ARAMARK UPGRADED AT TWO FIRMS: Stifel analyst Shlomo Rosenbaum upgraded Aramark (ARMK) to Buy from Hold after activist fund Mantle Ridge disclosed on Friday night that it has built a 9.8% stake in the shares and a total economic interest of 20% including derivatives. Mantle Ridge CEO Paul Hilal has a track record of success and his involvement "changes the picture materially" for Aramark, argues Rosenbaum, who expects the activist to install a "first-class management team" and increase operational efficiency. He raised his price target on Aramark shares to $49 from $36.
Meanwhile, Nomura Instinet analyst Dan Dolev upgraded Aramark to Buy from Neutral and raised his price target to $50 from $28. Dolev updated his FY19 EPS expectations to $2.27 from $2.26 and his FY20 EPS expectations to $2.55 from $2.43 in a note entitled "O Activist Thanks for Showing Up," a follow up to his March report entitled "O Activist, Where Art Thou?," after Mantle Ridge and its associates disclosed a 20% combined stake in Aramark.
PG&E DOUBLE DOWNGRADED TO SELL AT CITI: Citi analyst Praful Mehta double downgraded PG&E (PCG), to Sell from Buy, after a U.S. Bankruptcy Court judge in San Francisco allowed PG&E to hold on to sole rights to construct a chapter 11 exit plan but also allowed the Tubbs fire to be tried in jury trial in California state court. The Tubbs fire, which could an incremental $15B in total liabilities for PG&E, is "too big" and a jury trial is "too risky," said Mehta, who slashed his price target on PG&E shares to $4 from $33, stating that the difference in target is due to now incorporating $15B of Tubbs wildfire liabilities in his estimates.
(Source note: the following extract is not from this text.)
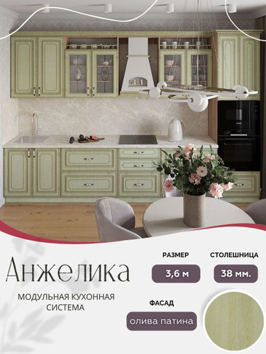 Классический прямой кухонный гарнитур Анжелика МДФ, 3,6 м Олива патина

CHEVRON, EXXON INITIATED AT BARCLAYS: Barclays analyst Jeanine Wai initiated Chevron (CVX) with an Overweight rating and $145 price target, citing her view that the company is well positioned to fund its 3-4% five-year growth CAGR guidance while also returning significant free cash flow to shareholders. The stock's discount to Exxon (XOM) shares should invert over the next year as the market becomes comfortable with the sustainability of Chevron's cash return program, contended Wai.
Wai also initiated Exxon Mobil with an Equal Weight rating and $73 price target, stating that while she thinks the company's counter-cyclical investment approach will eventually pay off, it leaves a near-term free cash flow deficit after dividend at lower oil prices.
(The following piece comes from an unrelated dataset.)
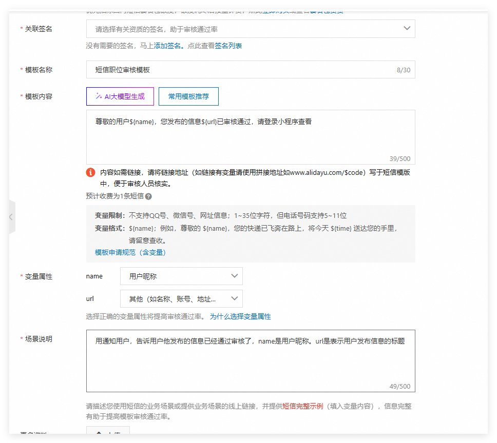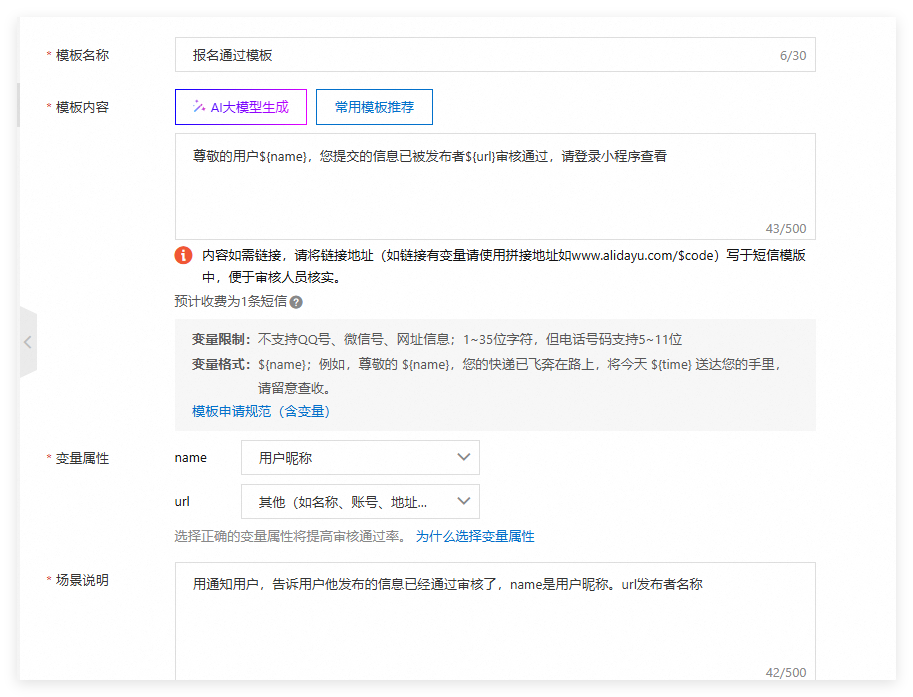 例子:尊敬的用户${name},您发布的信息${url}已审核通过,请登录小程序查看

PEABODY, ALLIANCE RESOURCE DOWNGRADED AT JPMORGAN: JPMorgan analyst John Bridges downgraded Peabody Energy (BTU) to Neutral from Overweight, saying coal stock prices have fallen well below his and the Street's price targets based on long-term value, and citing the rising risk of recession for the downgrade as he feels better entry points could develop. The analyst, who also downgraded Alliance Resource Partners (ARLP), lowered his price target to $30 from $35 to highlight the potential of the coal stocks to deliver a tobacco-like recovery on the basis that while the sector's products are unpopular they are still needed.
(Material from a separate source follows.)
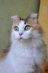 Принцесса - кошка невиданной красоты! Она обладает оригинальной внешностью, пикантными ушками (к сожалению, пострадавшими от мороза), богатой пушистой шубкой белого цвета с яркой рыже-коричнево-полосатой "накидочкой" на спинке) Ну и глазищи посмотрите какие! Большущие зелёные и всегда немножечко удивленные)) Характер под стать имени - кошечка знает себе цену, важничает, но с удовольствием идет на контакт с человеком.
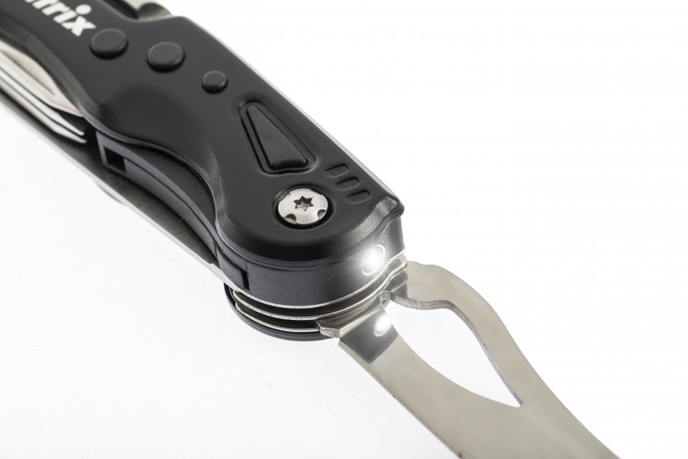 Многофункциональный нож Matrix 17625 длиной 107 мм, выполняющий 11 функций и поставляющийся с чехлом, — универсальный инструмент, который будет полезен дома, на даче и в гараже, а также в поездке, походе, на пикнике, рыбалке или охоте. Ножом можно резать различные материалы и продукты, пилой — срезать тонкие ветки, а шилом — проделывать отверстия. Открывалки удобно использовать для банок. Пилка для ногтей пригодится в быту.

SONOS BOOSTED TO STRONG BUY AT RAYMOND JAMES: Raymond James upgraded Sonos (SONO) to Strong Buy from Market Perform and established a $19 price target. Analyst Adam Tindle sees a "free option" on Sonos' product roadmap over the next few quarters as the company scales beyond its existing markets. Tindle is encouraged by early IKEA partnership checks and thinks it could "prime the pump" for future Sonos purchases. The analyst anticipates further product announcements, one potentially at the end of August, that will further scale Sonos "outside the home."